本発明は、カタクリ属植物の組織培養による増殖方法、当該方法により得られる不定芽原基を含む培養組織に関する。
カタクリ(Erythronium japonicum Decne.)は、種子から開花するまで7~8年という長期間を要する。カタクリの種子は休眠性が高く、一度常温(20℃~25℃)で5ヶ月ほど経過後、10℃以下の低温に遭遇しないと発芽しないという通常の植物にはない特殊性を有する。発芽したものは、その後、細い葉を伸ばし、基部に球根を形成する。球根は毎年少しずつ肥大し、葉が2枚展開できる大きさになると開花して種子を形成するが、球根は肥大するのみで自然界ではほとんど分球することはないと言われている。従って、カタクリを短期間で増殖する方法はなく、球根を採取すると群落が少しずつ減少していくため、現存するカタクリの群落のほとんどは、保護地域となっており、容易に入手できない。

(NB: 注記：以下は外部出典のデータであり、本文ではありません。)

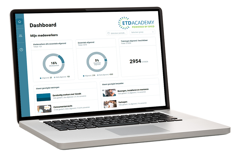 Wil je blijven groeien? Maak gebruik van de gratis trainingen en tools van de ETD Academy. Van verkooptechniek tot consumentenrecht: via video’s, quizzen, artikelen en chatbots blijven je medewerkers op een uitdagende manier bij in het vak. Het is eenvoudig in gebruik en bespaart je kostbare tijd.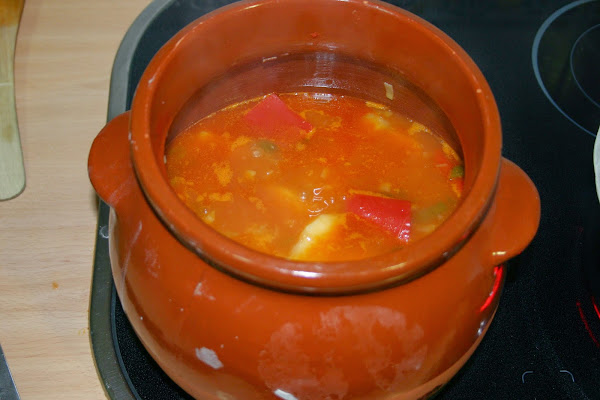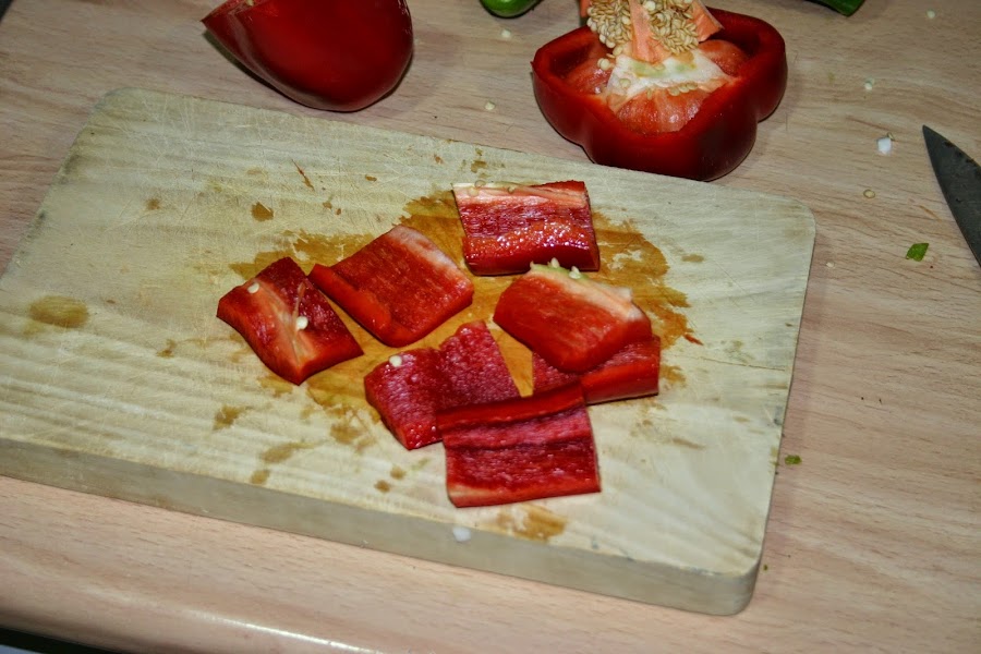 y mas de lo mismo con el pimiento rojo, que como a mi no me va mucho, lo pico en grande para poder quitarlo luego(jejejeje)

一方、カタクリ属植物の葉部には、腫瘍壊死因子(TNF)α産生抑制作用(特許文献1)や一酸化窒素(NO)産生抑制作用(特許文献2)などの有用な機能が報告されており、自己免疫性疾患、神経変性疾患、皮膚疾患などの治療や予防を目的とした医薬品や化粧品への利用が期待される。そのため、機能性素材としてカタクリを利用するために、短期間に安定的に供給する方法が急務である。
これまで、カタクリの組織培養による増殖としては、球根(鱗茎)の成長点を使用する方法が知られているが(非特許文献1、2)、上記のように球根を採取すると群落が少しずつ減少するため、生態系に負荷やダメージを及ぼすことなり、また、繰り返し増殖できるという安定性に欠ける。
特開2018-135328号公報 特開2018-135294号公報
藤木俊也・雨宮圭一・関宏夫、組織培養によるカタクリの増殖、山梨県総合農業研究報告6号、49-57、1994 古谷博、組織培養によるカタクリの増殖について、園学中四国支部要旨34:49、1995
従って、本発明は、生態系への負荷やダメージがない材料を用い、組織培養によってカタクリ属植物を短期間でかつ安定的に増殖させる方法を提供することにある。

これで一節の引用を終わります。